Here is what they have written about me.
“In his post in the Energy Collective, Robert Wilson, a PhD Student in Mathematical Ecology at the University of Strathclyde, calls Germany’s situation: “more of a coal lock-in than a solar revolution,” as the need for electricity, especially in the cold, grey days of January, requires the steady supply of coal-fueled electricity.”
The implication is clear. Going with renewables requires coal for back up in Germany, and that this is a view I hold is. Total piffle.
The Heartland Institute is either deliberately passing off their own views or are incapable of reading. I cannot rule out both.
However, if the author is too lazy to read through what I have written on the issue and for whatever reason is reading this, I can summarise my views on the issue, views which are public record and are linked to in the article that was distorted.

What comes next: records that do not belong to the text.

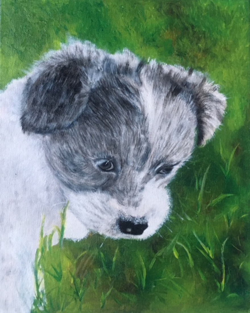 mijn eigen hond *Dit schilderij is met acrylverf en penseel opgebracht. *De zijkanten zijn meegeschilderd. * Vernislaag is aangebracht mat/glans. *De canvas heeft een hout frame met spies opgespannen. *Het schilderij is gesigneerd op de achterkant met de eerste letters van mijn voor en achternaam (RP) Renate Peters en met de datum dat het schilderij is gecreëerd. Aan de voorkant is er de letter R (van Renate) te vinden rechts onderin.
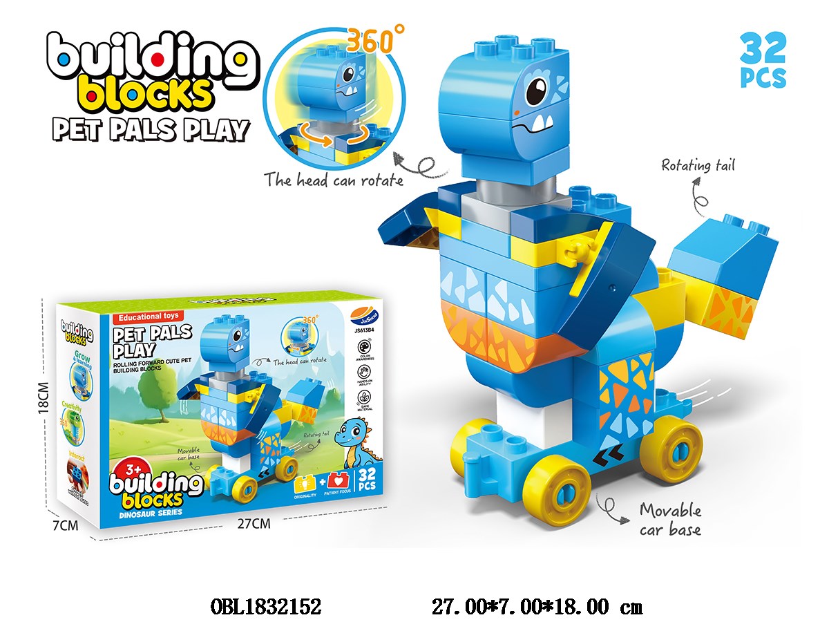 Home > Common Building Blocks > Puzzle Building Blocks Cute Pet Rotating Dinosaur Sliding Car 32PCS
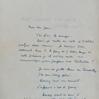Lettre de Maurice Sachs à Jean Hugo au sujet de la traduction de ‘Young Visiters’ de Daisy Ashford
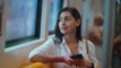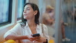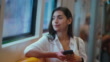 4k footage of Woman using mobile phone and looking outside through window while commuting in the subway
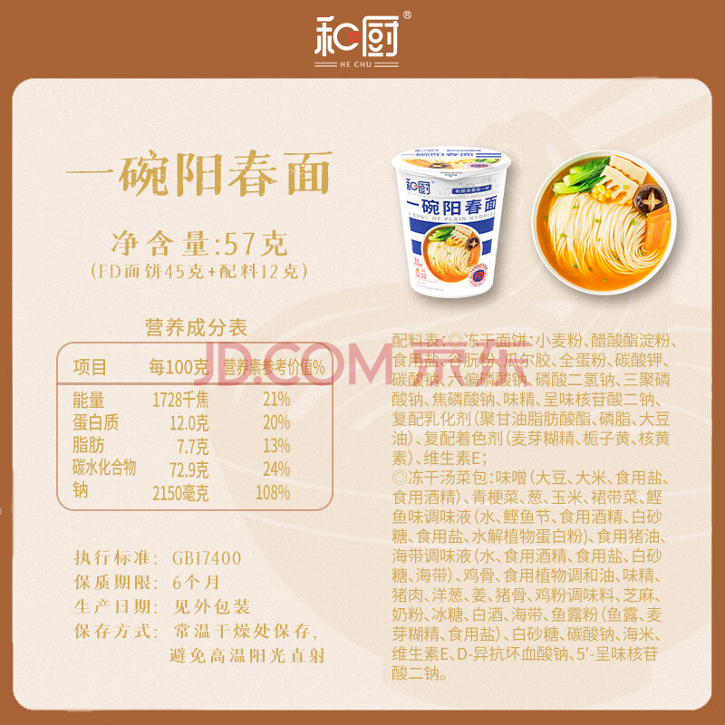 商品相册:和厨方便面泡面FD冻干面一碗阳春面拉面57g*6桶新旧包装随机发货第

Germany is not building coal power plants because renewables are useless. They are building them mostly because they are shutting down nuclear power plants. It would have been wiser to build gas power plants, but that would have been less politically correct. These arguments can easily be found at my site on Energy Collective. And Arizona is not Germany. If I observe that growing papayas in Sweden is a bad idea, I would be foolish to conclude that growing papayas in a warmer is a bad idea. Yet, such fatuous logic prevails in energy debates. Suggest solar is a bad idea in cloudy countries and people, a lot of people, will conclude that you think it is a bad idea everywhere. But perhaps I complain too much. I should lower my expectations of public discourse.
Of course organisations as divorced from reality as the Heartland Institute cannot really be expected to do as much as check though what someone has actually written on a subject. To expect that would be rather optimistic, and I am not have a reputation for optimism.